Irish television streaming service

Virgin Media Play (formerly 3Player, then Virgin Media Player) is a live streaming and on demand video service available in Ireland, provided by Virgin Media Television (formerly TV3 Group), a subsidiary of Virgin Media Ireland, for programmes broadcast on the company's television channels (Virgin Media One, Virgin Media Two, Virgin Media Three and Virgin Media Four).

The service was launched on Saturday 8 October 2011. as 3Player replacing TV3 Catch Up service.
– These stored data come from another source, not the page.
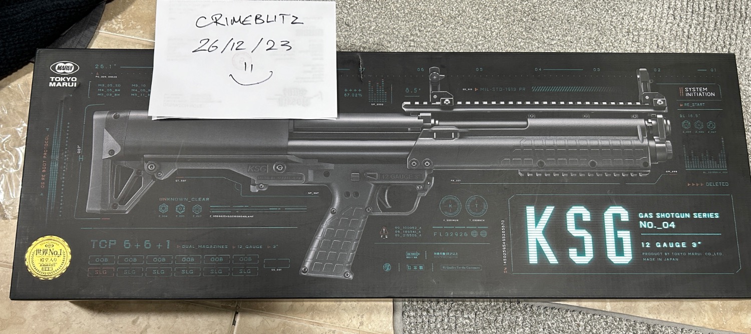 Comes complete as new in box with gas tank, tm shot shell, manuals and all usual bits you’d find in the box. I’ve estimated fps but this is totally stock and standard, so will be gas dependent.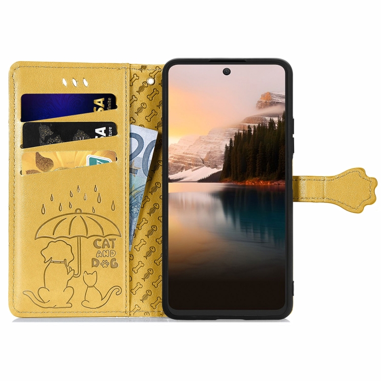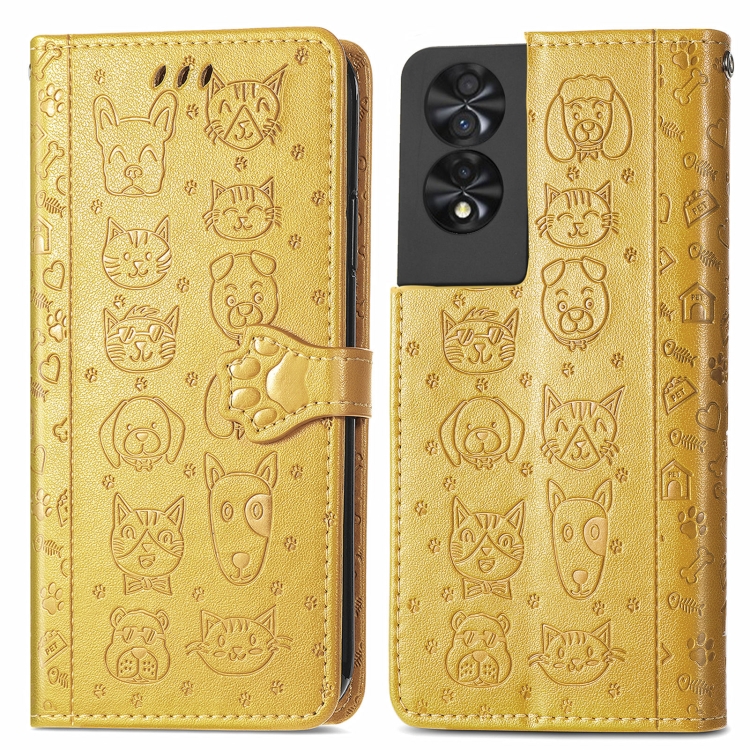 Funda para TCL 40 Nxtpaper 5G de Cuero con Relieve Perros y Gatos (Amarillo)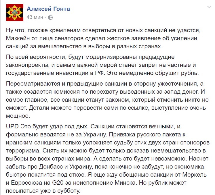 Date: 2017-06-08 12:04 pm (UTC)Опять разговоры о санкциях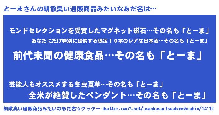 | ヘコむあだ名 | 『とーま(笑)』『とーお』『とーもー』 |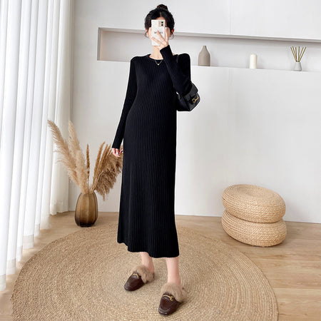 Maternity Knitted Sweater Dress with Warm Overcoat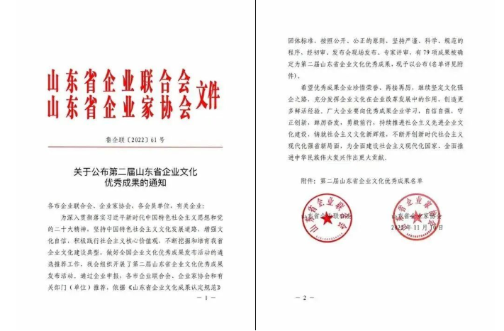 深入貫徹落實(shí)習(xí)近平新時(shí)代中國(guó)特色社會(huì)主義思想和黨的二十大精神,堅(jiān)持中國(guó)特色社會(huì)主義文化發(fā)展道路,增強(qiáng)文化自信,積極踐行社會(huì)主義核心價(jià)值觀(guān),不斷挖掘和培育我省企業(yè)文化建設(shè)典型,做好全國(guó)企業(yè)文化優(yōu)秀成果發(fā)布活動(dòng)的遴選推薦工作。山東省企業(yè)聯(lián)合會(huì)、山東省企業(yè)家協(xié)會(huì)聯(lián)合開(kāi)展了第二屆山東省企業(yè)文化優(yōu)秀成果發(fā)布活動(dòng)。通過(guò)企業(yè)申報(bào),各市企業(yè)聯(lián)合會(huì)、企業(yè)家協(xié)會(huì)和有關(guān)部門(mén)(單位)推薦,依據(jù)《山東省企業(yè)文化成果認(rèn)定規(guī)范》團(tuán)體標(biāo)準(zhǔn),按照公開(kāi)、公正的原則,堅(jiān)持嚴(yán)謹(jǐn)、科學(xué)、規(guī)范的程序,經(jīng)初審、發(fā)布會(huì)現(xiàn)場(chǎng)發(fā)布、專(zhuān)家評(píng)審,有79項(xiàng)成果被確定為山東省企業(yè)文化優(yōu)秀成果,山東健源生物科技有限公司《“誠(chéng)”辦良心企業(yè),企業(yè)文化推動(dòng)科技創(chuàng)新》企業(yè)文化成果榮獲第二屆山東省企業(yè)文化優(yōu)秀成果二等獎(jiǎng)。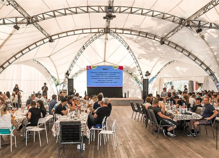 Площадка в виде купола отлично подойдет для празднования торжественных мероприятий, а также для проведения корпоративов и конференций. Вместимость шатра — 150 человек.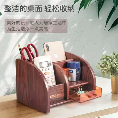 Wooden multifunctional pen holder unit company desk creative simple modern exquisite pen holder desktop ornaments storage box high-grade solid wood small pen bucket business card office large capacity pen holder cute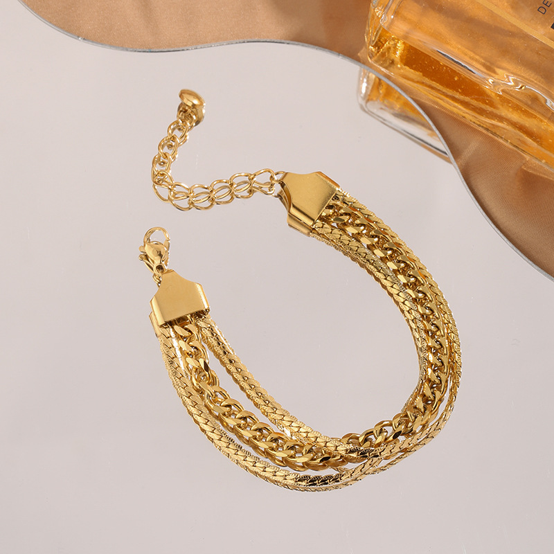Acier inoxydable 304 bracelet, Placage de couleur d'or, trois couches & bijoux de mode & pour femme, Longueur:Environ 6-7 pouce, Vendu par PC

On 30 August 2018, as a part of a corporate-wide rebrand of the TV3 Group as Virgin Media Television, the service was rebranded as Virgin Media Player.

The streaming service was relaunched and renamed as "Virgin Media Play" in August 2024, as part of a wider rebrand for the TV network.

==Content==
Virgin Media Play is a largely a free online catch-up service which lets viewers watch a variety of programmes for up to 28 days after they are broadcast on Virgin Media Television branded channels. Most programmes are available for 28 days from the day they were broadcast. Due to programme rights however other programmes, mainly ITV productions are only available for 90 days. The majority of TV3 and 3e's broadcasts are available on the service. Both channels are also available live as they broadcast on this service.

As of May 2013, Virgin Media Player users are now asked to register their details. TV3 Group is encouraging users of its 3player catch-up service to register as part of a push to gather more information on its online audience. The change is part of a broader reconfiguration of its website that sees the introduction of new hourly online news bulletins from today. Registered 3player users will be able to create playlists of their favourite shows and use their logins to pick up where they left off across all devices.

==Format==
The service utilises HTML5. This allows viewers to access the service regardless of their operating system.

==Availability==
The service is available to those resident in the Republic of Ireland. The service is available on PCs and Mac format desktop and laptop devices. It is also available via Sony Bravia internet enabled TVs and certain Sony Blu-ray players. It became available on PS3 on 22 December 2011.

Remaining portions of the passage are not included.